Uncle Paul died last week. His obituary summarized his life succinctly--after he finished his time in the Army, he came home and farmed. Farming wasn't just what he did for a living; it defined who he was. Farming to Uncle Paul was more than raising crops--it was raising crops well, raising livestock back in a day when tending livestock required a personal relationship with a scoop shovel, and most importantly, raising a family. Farming and family were one and the same to Uncle Paul. All the values that made his farm successful--hard work, love, discipline--also produced a successful family.
His funeral was a farmer's funeral. The funeral home was packed with farm folk with sunburned faces and pale foreheads, standing in line for an hour or more to pay respects, taking softly while they waited about crop prices and how much rain they got the day before. The kind of stuff that Uncle Paul liked to talk about.

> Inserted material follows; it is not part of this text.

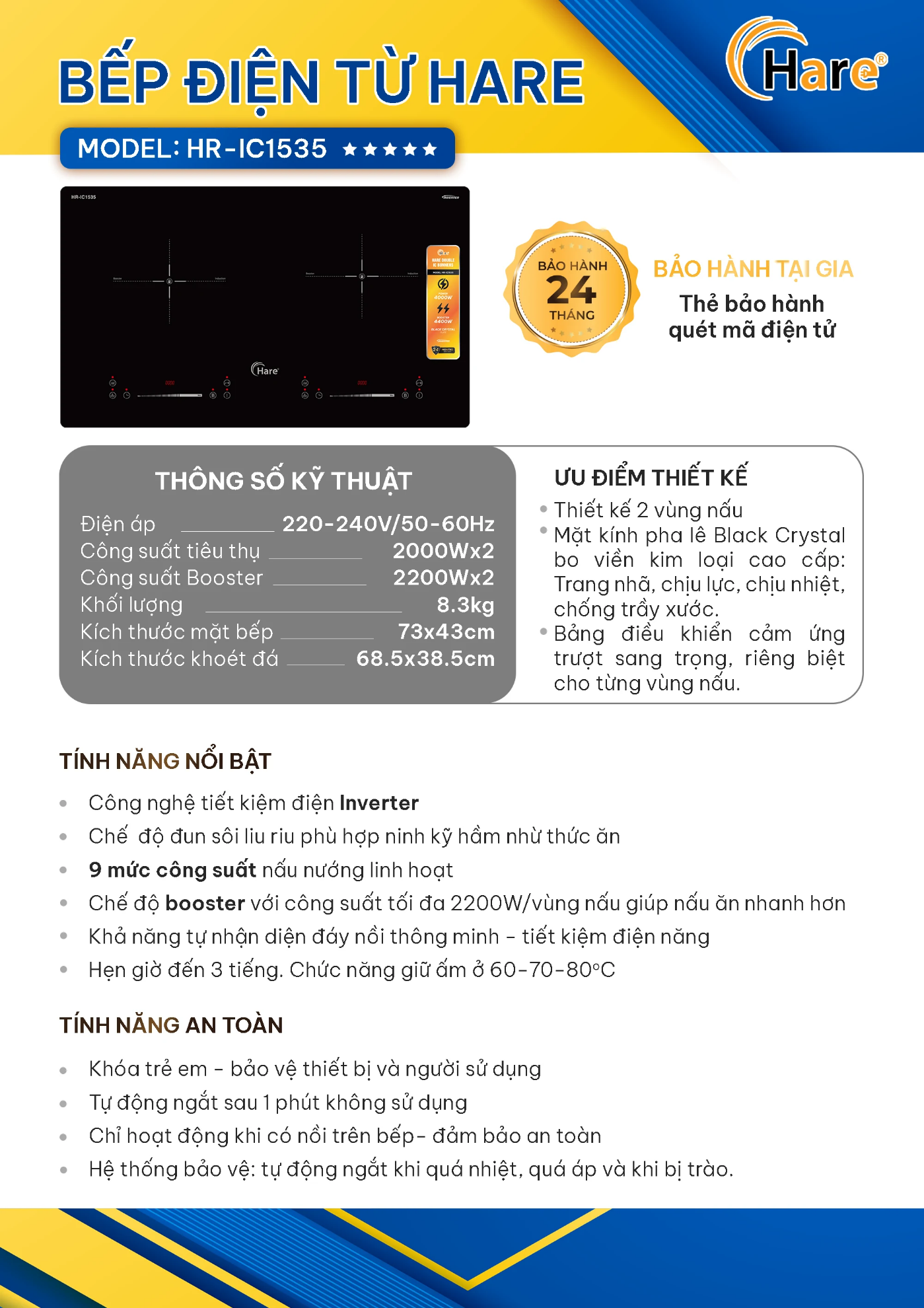 Với thiết kế tinh tế, hiệu suất mạnh mẽ, công nghệ hiện đại và hàng loạt tính năng an toàn, Hare HR-IC1535 chính là sự lựa chọn tuyệt vời cho mọi gia đình mong muốn một chiếc bếp vừa đẹp, vừa bền, vừa tiết kiệm.

It's too bad Uncle Paul missed it. He would have enjoyed visiting with all the folks who showed up at the visitation and funeral, and he would have been unspeakably proud of the six solemn, burly grandsons who carried his coffin.
But, knowing Uncle Paul, he would also have grumbled good-naturedly about the way they did it. There were two ways to farm and raise a family--the wrong way, and Uncle Paul's way. Stubborn, proud, honest, caring, hard-working, with a wry sense of humor and a loving family that misses him immensely.
Not a bad legacy for an Iowa farmer. Rest In Peace, Paul Mickelson.